Work task: Where a picture occurs in the data, omit it, and copy all remaining data exactly.

Provided material:

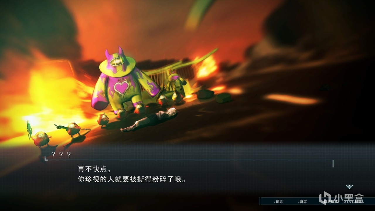 然後發現各種巨型詭異玩具在大肆屠殺人類,妹子(嘉琉亞)倒在地上,白熊給了男主一把奇奇怪怪的刀,他說:你用它插自己的心臟,就能獲得和怪物抗衡的戰鬥力!
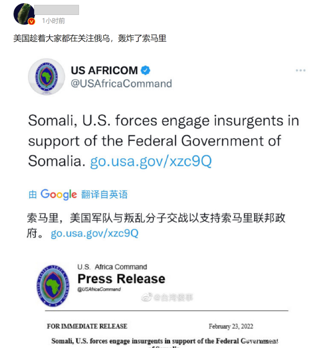 2022年2月24日,美國趁着俄羅斯和烏克蘭交戰,悄悄轟炸了索馬里。
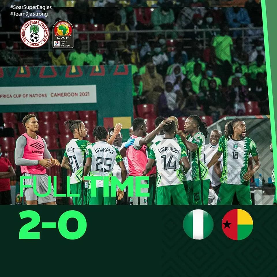 SportsNigeria π³π¬ beats Guinea-Bissau π¬πΌ 2:0 January 20, 2022January 20, 2022 - by Ikejabird - Leave a Comment Second half goals from Umar Sadiq with an assist from Kelechi Iheanacho gives Nigeria their first goal. After a sensational dribble by Moses Simon, William Troost-Ekong gives Nigeria a second goal. Recommended posts: Iheanacho Shines As Nigeria Beat Liberia 2:0 In World Cup Qualifier.. COUNT DOWN TO AFCON 2021..π₯π₯ 1 DAY 2 GO….πβ€οΈ Cristiano Ronaldo & the top 20 men’s international goalscorers of all-time. COUNT DOWN TO AFCON 2021 π₯π₯π₯

Written answer:
 然後發現各種巨型詭異玩具在大肆屠殺人類,妹子(嘉琉亞)倒在地上,白熊給了男主一把奇奇怪怪的刀,他說:你用它插自己的心臟,就能獲得和怪物抗衡的戰鬥力!
 2022年2月24日,美國趁着俄羅斯和烏克蘭交戰,悄悄轟炸了索馬里。
 SportsNigeria π³π¬ beats Guinea-Bissau π¬πΌ 2:0 January 20, 2022January 20, 2022 - by Ikejabird - Leave a Comment Second half goals from Umar Sadiq with an assist from Kelechi Iheanacho gives Nigeria their first goal. After a sensational dribble by Moses Simon, William Troost-Ekong gives Nigeria a second goal. Recommended posts: Iheanacho Shines As Nigeria Beat Liberia 2:0 In World Cup Qualifier.. COUNT DOWN TO AFCON 2021..π₯π₯ 1 DAY 2 GO….πβ€οΈ Cristiano Ronaldo & the top 20 men’s international goalscorers of all-time. COUNT DOWN TO AFCON 2021 π₯π₯π₯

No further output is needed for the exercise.